Internet connected home devices, cars and toys are the next big thing as far as tech sector is concerned. However, the increasing popularity of internet connected toys has sparked fresh concerns regarding the privacy of ordinary citizens. Security experts have warned that “Smart Toys” can be misused by the intelligence agencies as well as criminals to extract intimate details of civilians. And since the toys themselves are designed for kids, the safety and personal information of the kids is at stake here.

Let’s start our discussion with Mattel’s Hello Barbie which is one of the hottest toys around. Hello Barbie is basically a Wi-Fi enabled doll which promises to be a real friend to young girls. The doll uses voice-recognition technology to listen to users and even gives personalized replies to them.
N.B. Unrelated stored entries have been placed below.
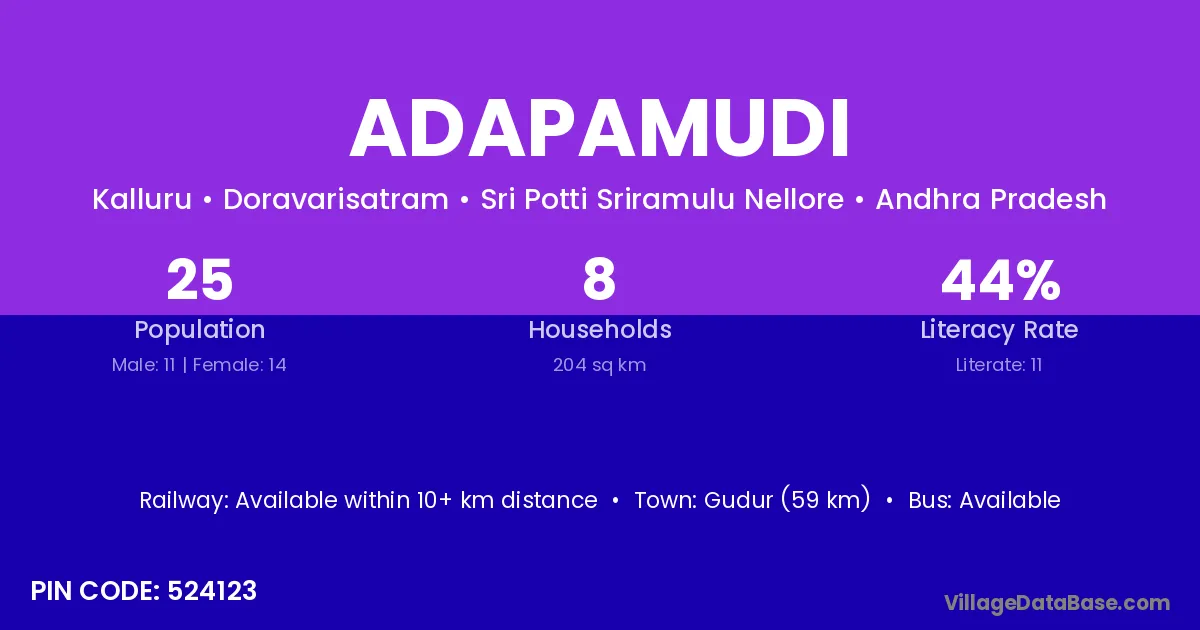Adapamudi village has a total population of 25 people, of which 11 are males and 14 are females.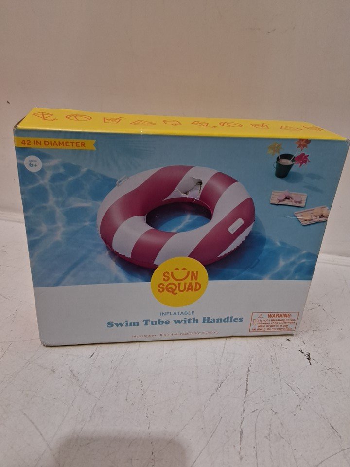 SUN SQUAD IFLATABLE SWIM TUBE WITH HANDLES - 42" - PINK/WHITE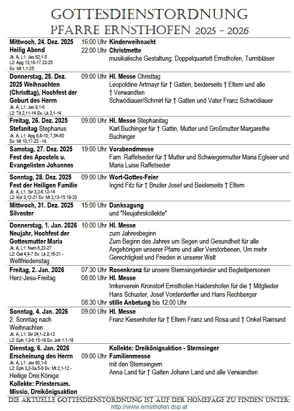 Gottesdienstordnung 24. Dez. 2025 - 6. Jänner 2026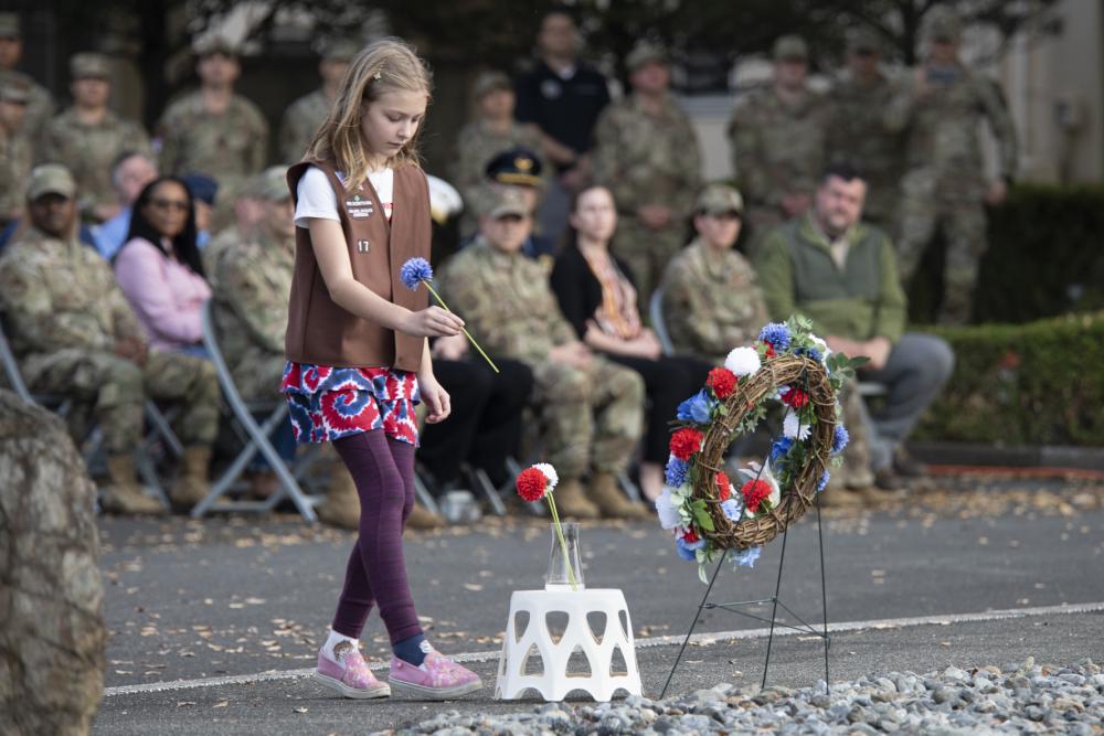 Felicity Norton, Girl Scout Brownie troop, participates in the “Three Flower Ceremony” during the 2022 Yokota Veterans Day Ceremony at Yokota Air Base, Japan, Nov. 10, 2022. The “Three Flower Ceremony” is meant to offer solemn tribute to all members wherever they may rest. The ceremony served as a time to reflect on those who served generations past and commemorate their selfless and courageous actions in service to their country. (U.S. Air Force photo by Tech. Sgt. Christopher Hubenthal)

More worryingly, the toy sends questions asked by children to Mattel’s servers for further analysis. Security experts have warned that the personal data collected by Hello Barbie can be used by the spy agencies to eavesdrop on individuals. Not only that, the data can also be used by cyber criminals to create profiles of individuals, including small children. The data collected can then be used for hacking attacks and criminal activities.
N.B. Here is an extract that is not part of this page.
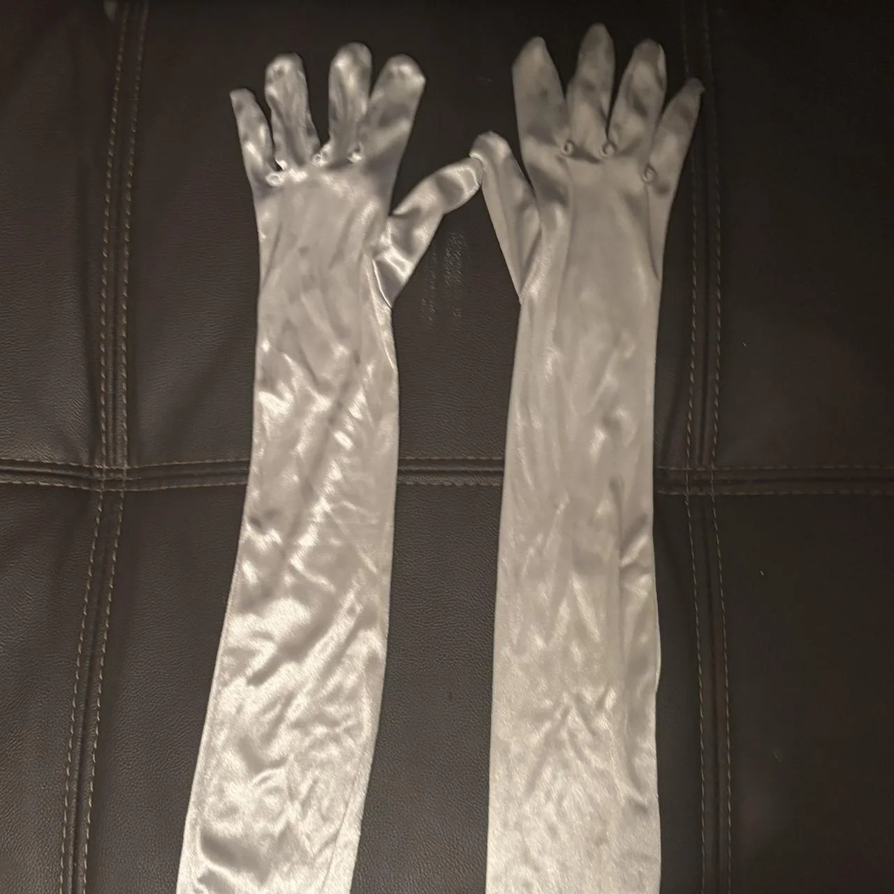 Silver satin long gloves #glamour #regency

The privacy concerns related to internet connected toys were exacerbated in the month of November when VTech’s Kid Connect database was hacked. The hack not only exposed personal details of millions of users but even leaked photos and voice recordings of kids captured via VTech’s toys. The Kid Connect service is akin to a messaging service which lets kids send and receive text and voice messages, photos and drawings, stickers and even allows them to chat in groups and maintain contact lists. The security breach not only leaked names and home addresses of children, it even allowed strangers to chat with kids.

Meanwhile in UK, civil liberty groups and opposition parties are worried that the proposed Investigatory Powers Bill would allow intelligence agencies to hack into any internet connected device (including internet connected toys) to spy on British citizens. If the bill passes in the current form, ISPs would be legally bound to assist intelligence agencies into hacking internet connected devices. This is indeed a worrying development since it seriously undermines the privacy of civilians as well as minor children.
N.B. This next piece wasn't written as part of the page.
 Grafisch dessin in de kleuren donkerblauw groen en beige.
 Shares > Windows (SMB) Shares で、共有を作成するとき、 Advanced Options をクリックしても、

If you are planning to buy an internet connected toy for your child, consider the privacy challenges associated with it. Toys with in-built camera and microphone can capture every word you say, take photos of your home and even transmit that information to the web. As we have seen repeatedly in the recent months, even the most secure databases can be hacked by the criminals and the personal information of millions of users can thus be compromised. Before you buy an internet connected toy, do some research on what kind of information it captures and what it does with the information. There is no point in buying a toy which can compromise your personal information in the near future.